To identify PUPPP, a clinician looks at the characteristic appearance and distribution of the rash. It usually begins with stretch marks on the abdomen in late pregnancy and spreads outward, but does not involve the belly button. Itching is a major symptom, and the diagnosis is made clinically, meaning based on symptoms and physical appearance alone, without the need for lab tests or imaging. The condition resolves after delivery.¹

How do you diagnose cholestasis in pregnancy?
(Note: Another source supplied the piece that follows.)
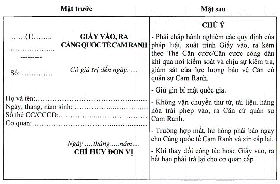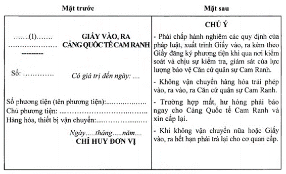 [22] Mẫu này được bãi bỏ theo quy định tại khoản 3 Điều 2 của Quyết định số 38/2025/QĐ-TTg sửa đổi, bổ sung một số điều của Quy chế quản lý hoạt động Cảng quốc tế Cam Ranh - Bộ Quốc phòng ban hành kèm theo Quyết định số 25/2016/QĐ-TTg ngày 27 tháng 6 năm 2016, được sửa đổi, bổ sung tại Quyết định số 29/2019/QĐ-TTg ngày 03 tháng 10 năm 2019 của Thủ tướng Chính phủ, có hiệu lực thi hành từ ngày 01 tháng 12 năm 2025.
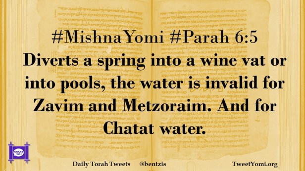 #MishnaYomi #Parah 6:5 Diverts a spring into a wine vat or into pools, the water is invalid for Zavim and Metzoraim. And for Chatat water.

Cholestasis in pregnancy is diagnosed through a combination of symptoms and lab tests. A birth parent normally presents with intense, unexplained itching, especially on the palms and feet, with no visible rash. Blood tests are then ordered, primarily measuring serum bile acid levels, which are typically elevated in ICP. Liver function tests may also show elevated enzymes like ALT and AST. If bile acids are above the diagnostic threshold, usually 10 micromoles per litre, along with consistent symptoms, a diagnosis of cholestasis is made, while other causes of liver dysfunction are ruled out.²

Summary 

This article compares PUPPP (pruritic urticarial papules and plaques of pregnancy) and ICP (intrahepatic cholestasis of pregnancy), two pregnancy-related conditions that both cause itching but have very different causes and implications. PUPPP is a benign, itchy rash that usually appears in the third trimester, starting in stretch marks and sparing the belly button. It poses no risk to the baby and resolves after delivery. In contrast, due to elevated bile acids, ICP is a liver disorder marked by intense itching without a rash, especially on the palms and soles. It can lead to serious fetal complications, including stillbirth, and requires prompt treatment and monitoring.

PUPPP is diagnosed based on appearance and symptoms, while ICP is confirmed through blood tests showing elevated bile acids and liver enzymes. PUPPP is treated symptomatically with creams and antihistamines, while ICP is managed with medications like ursodeoxycholic acid to lower bile acid levels. The article also clarifies that, unlike common pregnancy itching, ICP involves liver dysfunction, making early diagnosis and intervention crucial.